Квитанцию он положил в бумажник и приготовился к неделям трепетного ожидания. Однако ответ Галатова пришел с чудесной скоростью, — на пятый день: “Глубокоуважаемый Илья Григорьевич! Редакция в полном восторге от Вами присланного материала. Редко доводилось нам читать страницы, на которых был бы так явственен отпечаток “человеческой души”. Ваш роман волнует своим лица не общим выражением. В нем есть “горечь и нежность”. Некоторые описания, как, например, в самом начале описание театра, соперничают с аналогичными образами в произведениях наших классиков и, в известном смысле, одерживают верх. Я говорю это с полным сознанием “ответственности” такого суждения. Ваш роман был бы истинным украшением “Ариона”.
Как только Илья Борисович немного успокоился, он вместо того, чтобы ехать в контору, пошел в Тиргартен, сел на скамейку и стал думать о жене, как она порадовалась бы вместе с ним. Погодя он отправился к Евфратскому. Евфратский лежал в постели и курил. Они вместе исследовали каждую фразу письма. Когда дошли до последней Илья Борисович кротко поднял глаза и спросил:
— Почему, скажите, стоит “был бы”, а не “будет”, ведь я же им даю с радостью, — или это просто для изящества оборота?
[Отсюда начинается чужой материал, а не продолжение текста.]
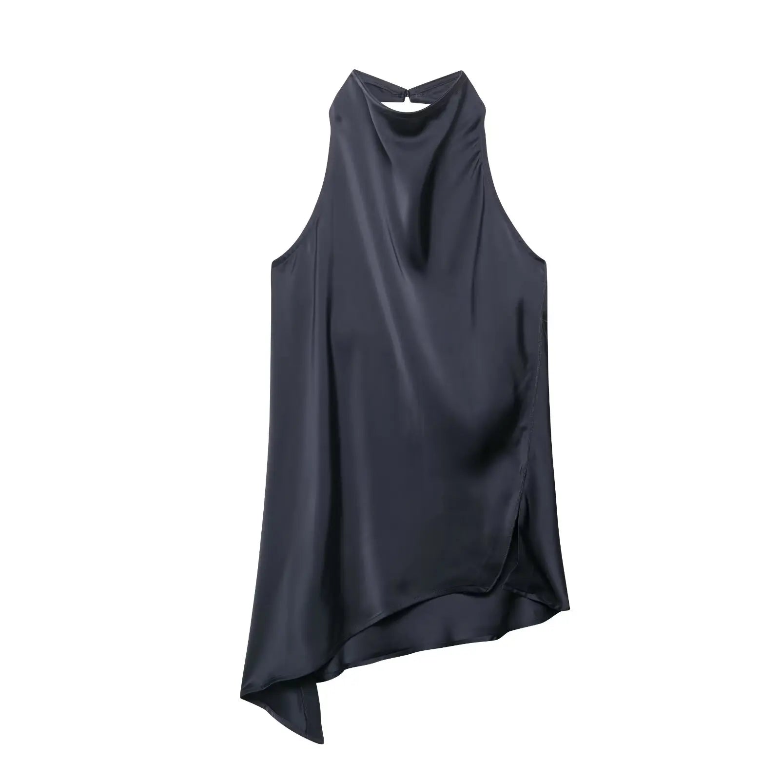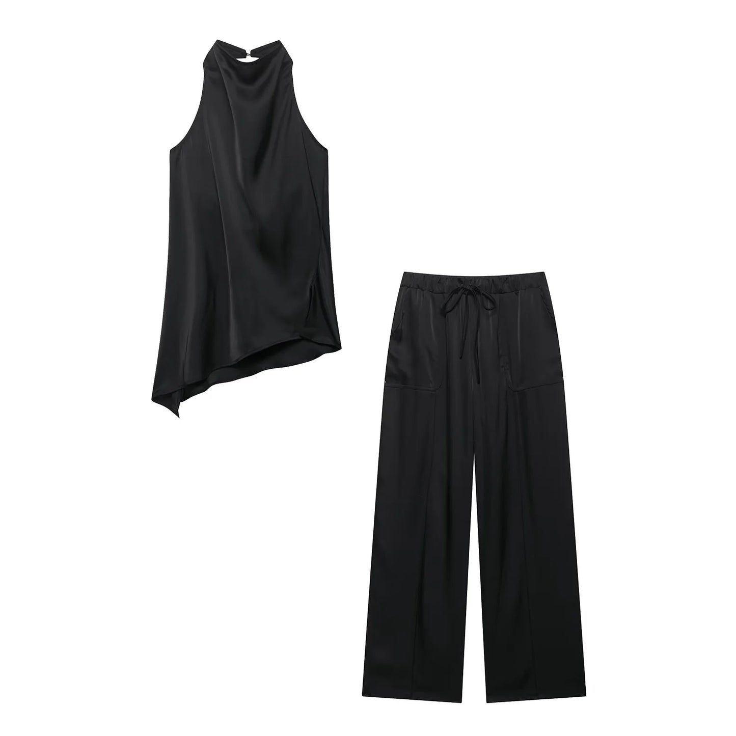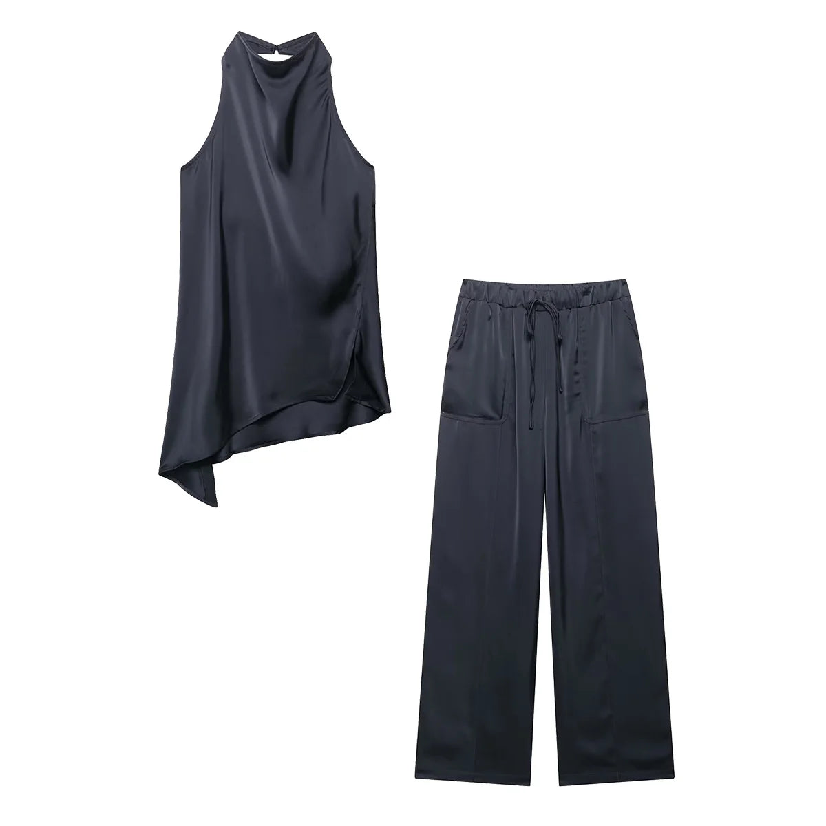 Women's Suit Set™ EDSA Asymmetric Hem Open Back Halter Neck Blouse Mid-rise Straight Long Trousers Suits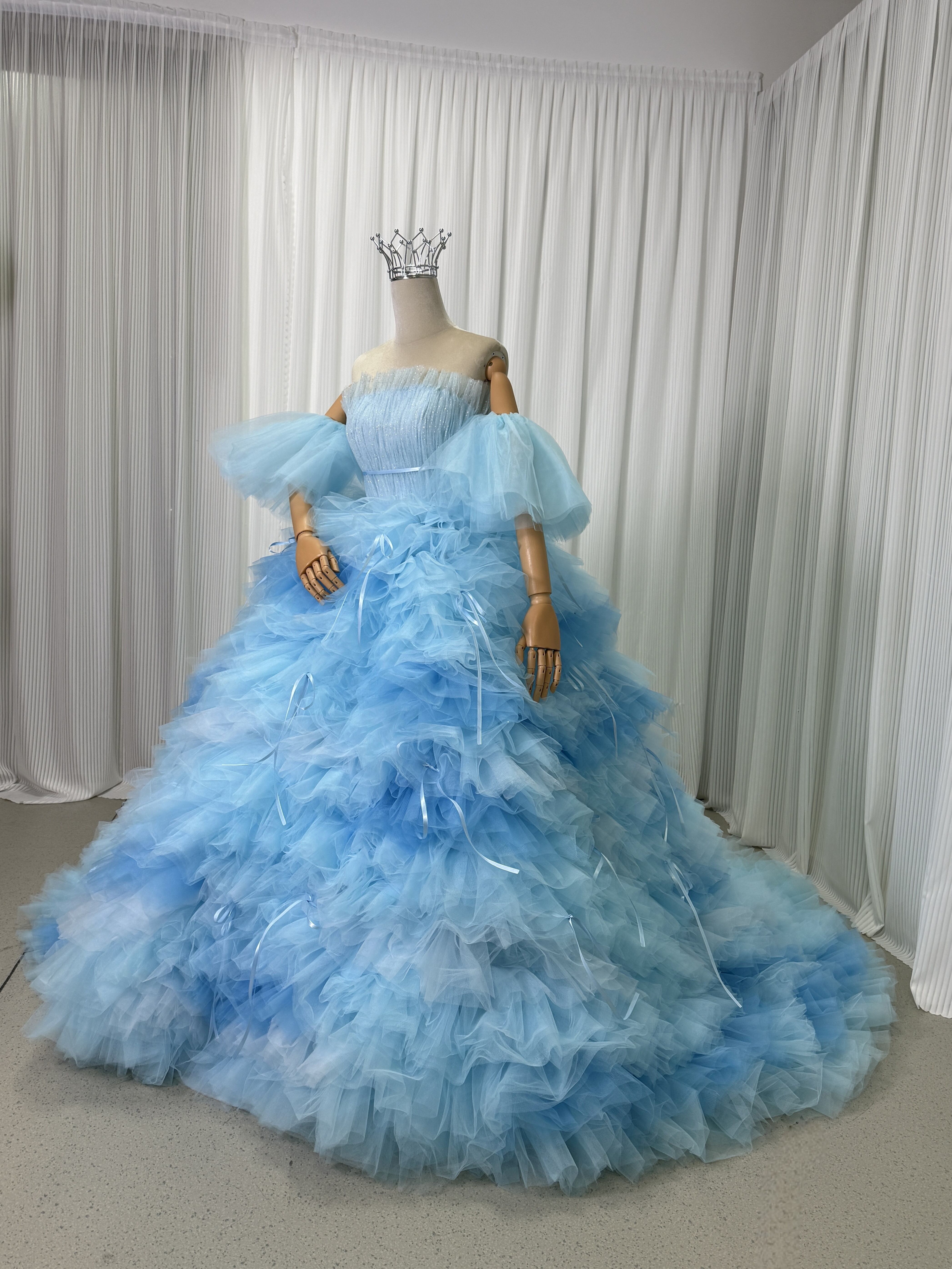 豪華!カラードレス ブルー もこもこドレス リボン 編み上げ 柔らかく重ねたチュールスカート 花嫁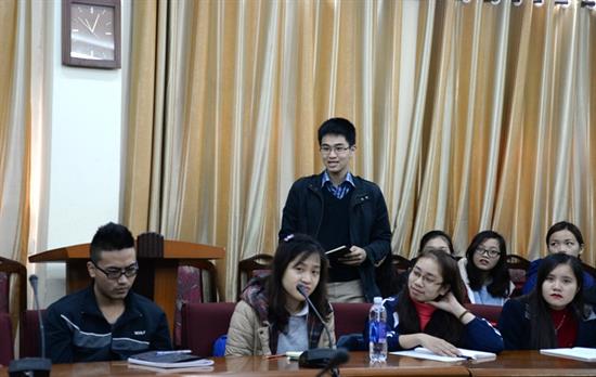 Là những kiến thức quan trọng nằm trong chương trình học tập, vì vậy, các bạn sinh viên, học viên đã rất quan tâm đến nội dung cũng như những thông tin ông Gregory đưa ra. Sinh viên Lê Ngọc Cẩm – K58LKD đã đưa ra câu hỏi liên quan yếu tố chính trị trong các phán quyết của tòa án – tính độc lập của thẩm phán và các yếu tố trong việc lựa chọn thẩm phán tòa án tối cao. Sinh viên Vũ Hoàng – K60CLC cũng mong muốn tìm hiểu thêm về hệ thống tư pháp giữa Anh và Hoa Kỳ, quy trình lựa chọn xét xử tại tòa án tối cao.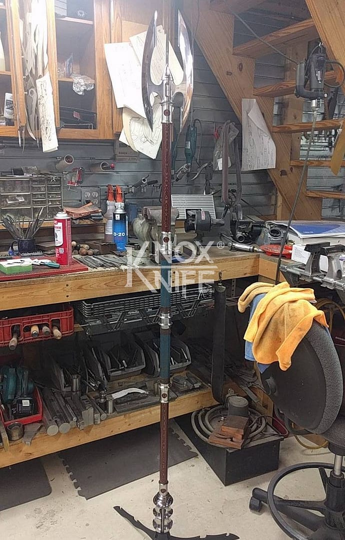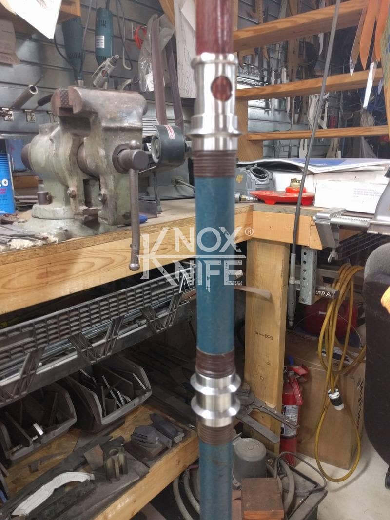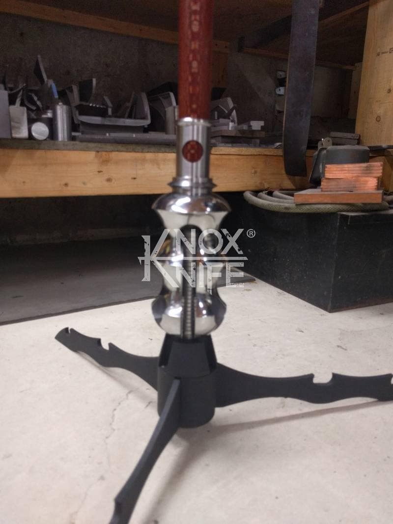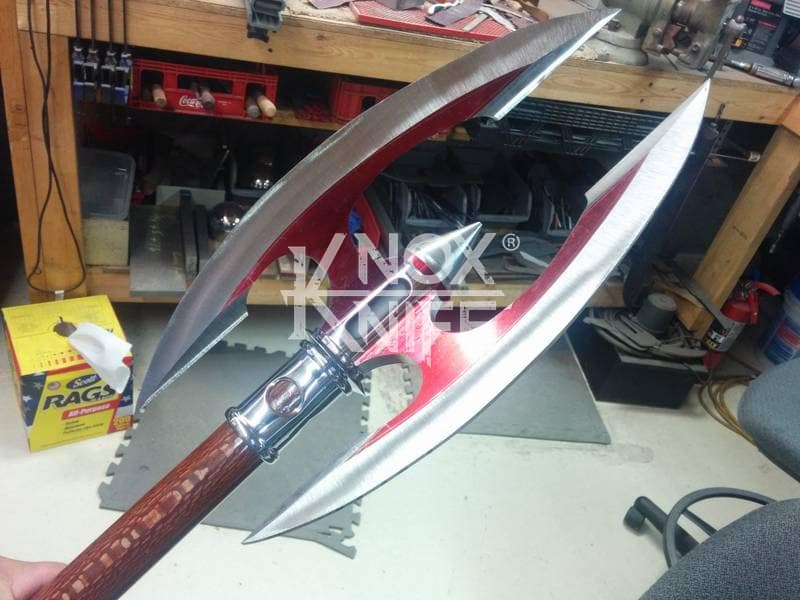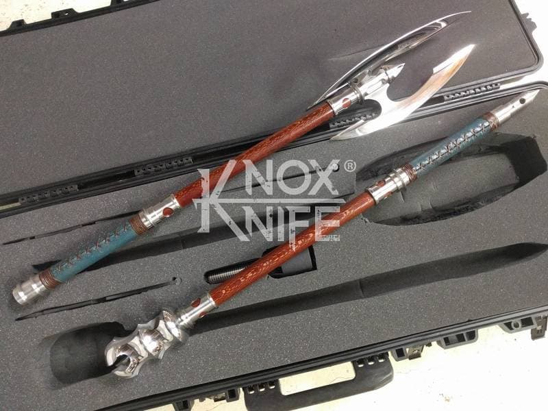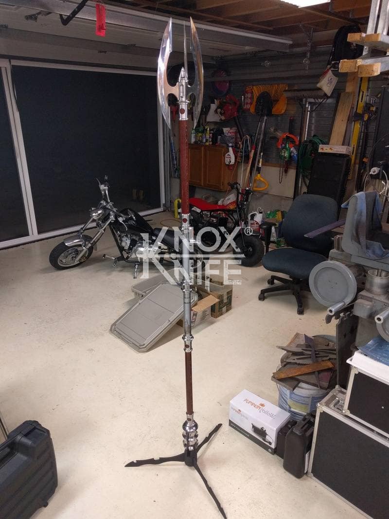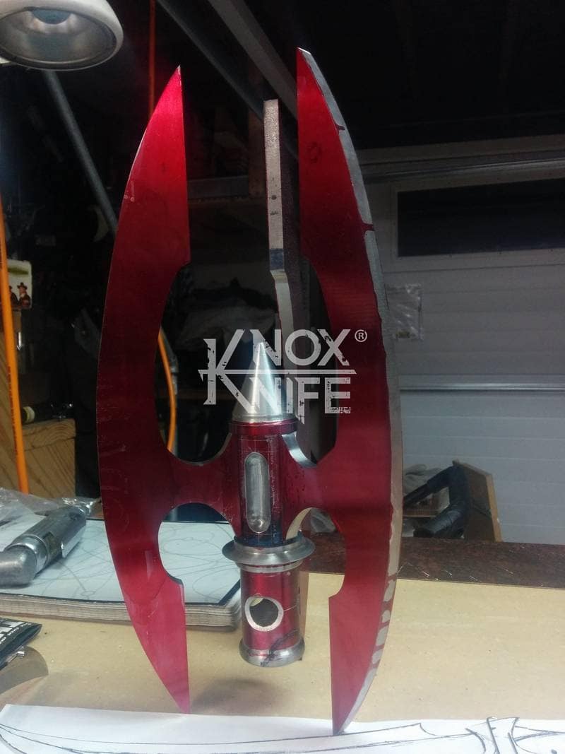 Being a gadget addict, I designed the MKII so if you push both grips towards the center and twist, the 1 weapon becomes 2 battle maces. I also made a vertical display stand that disassembles and also fits in the custom Pelican case.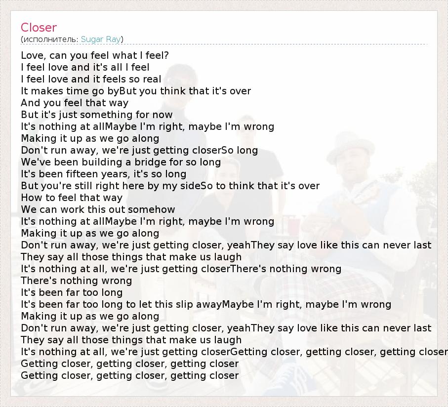 Love, can you feel what I feel? I feel love and it's all I feel I feel love and it feels so real It makes time go byBut you think that it's over And you feel that way But it's just something for now It's nothing at allMaybe I'm right, maybe I'm wrong Making it up as we go along Don't run away, we're just getting closerSo long We've been building a bridge for so long It's been fifteen years, it's so long But you're still right here by my sideSo to think that it's over How to feel that way We can work this out somehow It's nothing at allMaybe I'm right, maybe I'm wrong Making it up as we go along Don't run away, we're just getting closer, yeahThey say love like this can never last They say all those things that make us laugh It's nothing at all, we're just getting closerThere's nothing wrong There's nothing wrong It's been far too long It's been far too long to let this slip awayMaybe I'm right, maybe I'm wrong Making it up as we go along Don't run away, we're just getting closer, yeahThey say love like this can never last They say all those things that make us laugh It's nothing at all, we're just getting closerGetting closer, getting closer, getting closer Getting closer, getting closer, getting closer Getting closer, getting closer, getting closer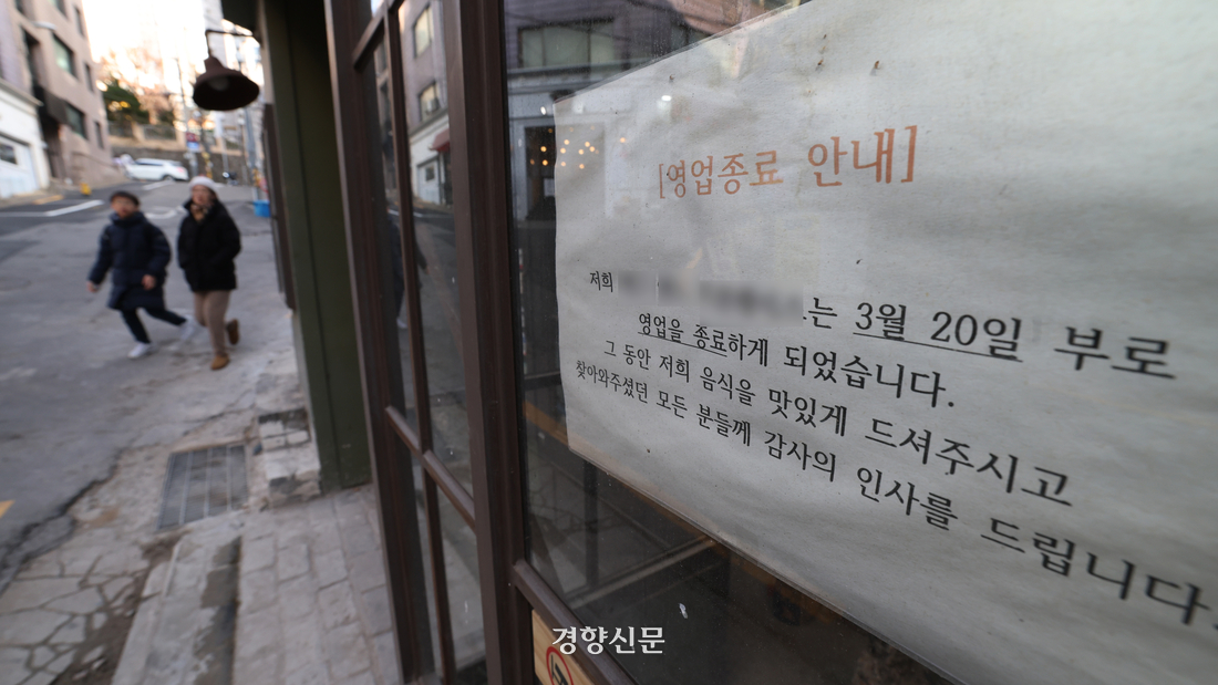 지난해 12월26일 서울 서대문구의 한 점포에 영업종료 안내문이 붙어있다. 정효진 기자 |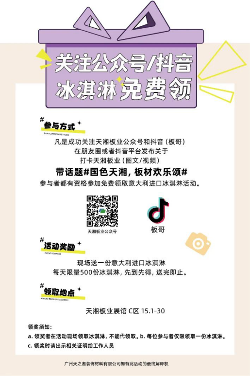 在展会现场的观众仍旧可以参加扫码关注板哥抖音账号并且发布带话题#国色天湘,板材欢乐颂#图文&视频即可品尝意大利进口冰淇淋~首日活动吸引了很多大小朋友前来打卡,数量有限,想体验冰淇淋的朋友们每天先到先得!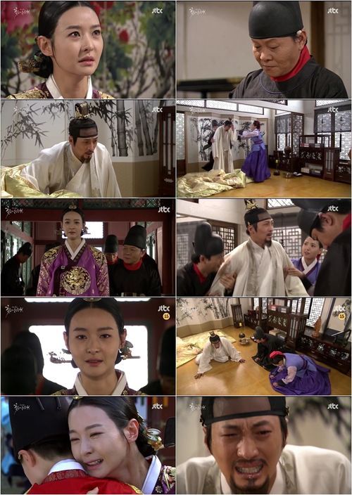 반면, 김인은 “그만 일어나시지요, 마마. 소인들의 처지가 매우 괴롭습니다”라며 강빈에게 재차 압력을 가했던 터. 결국 강빈은 “이 넓은 대궐에 누가 있어 저하를 지켜주겠느냐…내가 전하를 만나 뵙고 빌겠네”라고 김인에게 눈물 어린 간청을 했다. 그러나 김인은 “소인이 저하의 곁을 잠시도 떠나있지 않을 것”이라는 말로 강빈을 안심시켰고, 강빈은 김인의 약조를 받고는 마음을 결정한 듯 그 자리에서 일어났다.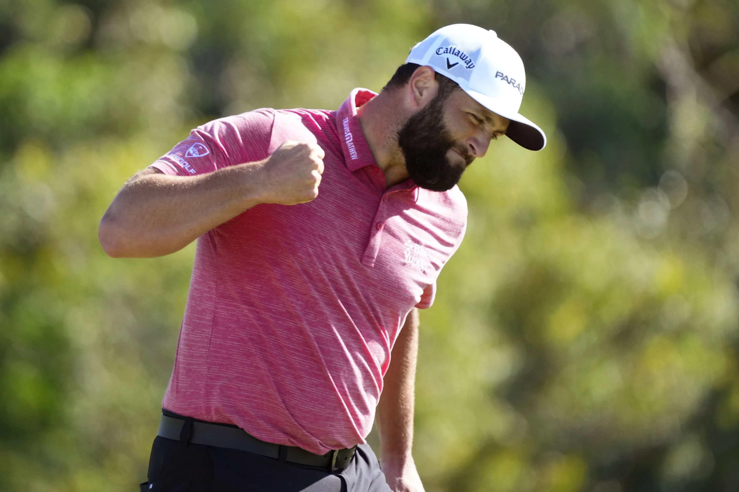 Jon Rahm, of Spain, celebrates his birdie putt on the 18th green during the final round of the Tournament of Champions golf event, Sunday, January 8, 2023, at Kapalua Plantation Course in Kapalua, Hawaii. (Photo by Matt York/AP Photo)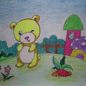 少儿学蜡笔画系列之三小熊的家画法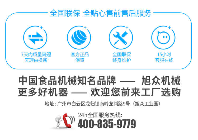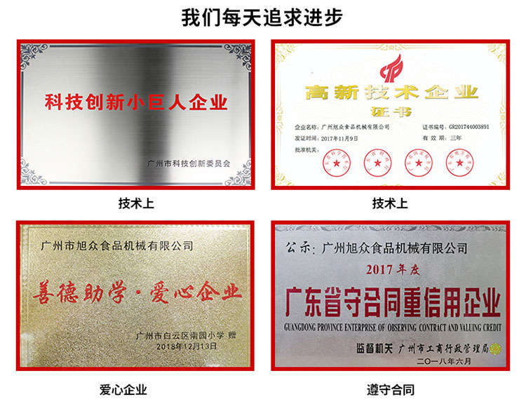 廣州旭眾食品機械有限公司是一家集科研開發,生產設計,營銷服務為一體的現代化生產企業。現代化生產車間,精湛制造技術,所產機械歷經市場重重考驗,不斷贏得海內外客戶的贊譽。
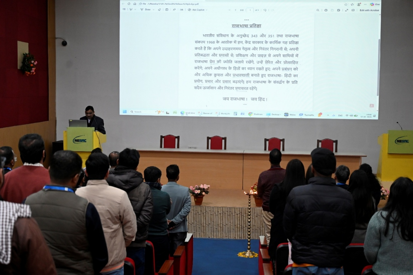 विश्व हिंदी सप्ताह समारोह के दौरान डॉ. एस. पी. अग्रवाल, निदेशक, एनईसैक द्वारा राजभाषा प्रतिज्ञा दिलाना और स्वागत भाषण।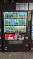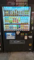 様々な自動販売機などが並んでいます。キリンとサントリーの自販機は以前より電子マネー対応していました。

— Нет, тут, к сожалению, другое, — ответил Евфратский. — Вероятно они из гордости скрывают. Но дело в том, что журналу крышка — да, это на днях выяснилось… Публика, знаете, читает всякое дерьмо, а “Арион” рассчитан на требовательного читателя. Вот и получается...
— Я уже это слышал, — с тревогой сказал Илья Борисович, — но я думал, это клевета конкурентов или невежество Неужели второго номера не будет? Это же ужасно.
— Денег нет. Журнал бессеребреный, идеалистический — такие, увы, погибают.
— Но как же, как же! — крикнул Илья Борисович, всплеснув руками. — Ведь они одобрили мою вещь, ведь они хотели бы ее напечатать!..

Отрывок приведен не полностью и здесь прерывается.